US CPI came in slightly higher than expected, raising chances that the Fed might keep rates high for longer following a week featuring dovish Fed talk from rising yields. The rise in the greenback was seen ending the recent risk rally.
Chart: AUDUSD
In September, US CPI data showed a slight 10bps increase in both monthly and yearly inflation rates to 0.4% and 3.7%, respectively. Although Core aligned with expectations, the likelihood of the Fed maintaining a “high for longer” approach increased due to rising shelter costs, particularly a 0.5% spike in rental costs. The dollar index soared 0.86%, pushing higher against the Japanese yen to recapture 150, sparking concerns of a BOJ intervention. 149 is expected support.

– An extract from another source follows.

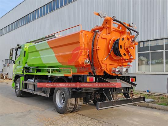 1. Kapasiti rawatan kumbahan yang cekap: Reka bentuk gabungan 6 Tangki kumbahan 000 liter dan 4 Tangki air bersih 000 liter adalah kelebihan teras Isuzu FVR v tangki akuum lori. Dalam pengurusan kumbahan bandar, selalunya terdapat situasi di mana sejumlah besar kumbahan perlu dirawat dengan cepat, seperti pengumpulan air selepas hujan lebat atau penyumbatan paip yang serius. Dengan tangki berkapasiti besar, pengendali boleh merawat lebih banyak kumbahan dalam satu penghantaran, meningkatkan kecekapan kerja. Pada masa yang sama, 4 Tangki air bersih berkapasiti 000 liter memastikan terdapat air yang mencukupi untuk operasi pembilasan dan pembersihan paip, tanpa perlu berulang-alik yang kerap untuk menambah air. Ini bukan sahaja menjimatkan masa dan minyak, tetapi juga mengurangkan bilangan perjalanan pergi dan balik kenderaan di jalan raya, secara tidak langsung mengurangkan tekanan lalu lintas dan pelepasan karbon.

Meanwhile, Initial Jobless claims came in largely in line with expectations, while on the auction front, the 30-year bond pool disappointed.
The US imposed sanctions on owners of tankers carrying Russian oil priced above the price cap of $60/bbl. It follows an oil and gas cooperation deal between Iran and Russia, presumably aiming to undermine sanctions. WTI firmed up due to OPEC’s more optimistic forecast than the IEA, but a large EIA inventory build of 10.2M bbl and OPEC’s increased production saw crude giving back nearly all gains. It closed the session at $83.50/bbl, with the next levels seen at $86 and $81.50 a barrel.
ECB policymakers Francois Villeroy (France) and Yannis Stournaras (Greece) expressed optimism about inflation returning to 2% without further tightening. Minutes from the last meeting showed that the bank’s models suggest that a deposit rate of 3.75 to 4% could bring inflation back to 2% if maintained for a sufficient period, implying the ECB may be done hiking. Pressured by a stronger dollar, EUR/USD ended its 6-day streak at 1.0640, with next support expected below or at $1.05.
A stronger dollar affected several currencies, including the Australian dollar, with rising US yields seen AUD/USD 1.5% day on Thursday. China’s CPI contributed to the drop as it fell below expectations of a 0.2% increase, falling flat. Exports also showed weakness at 6.2% versus 7.6% compared to last year, while imports have not shown a positive growth since September last year. The move from 0.6414 to 0.6313 could continue if bears take over 0.6286, with some respite towards 0.6364 possible.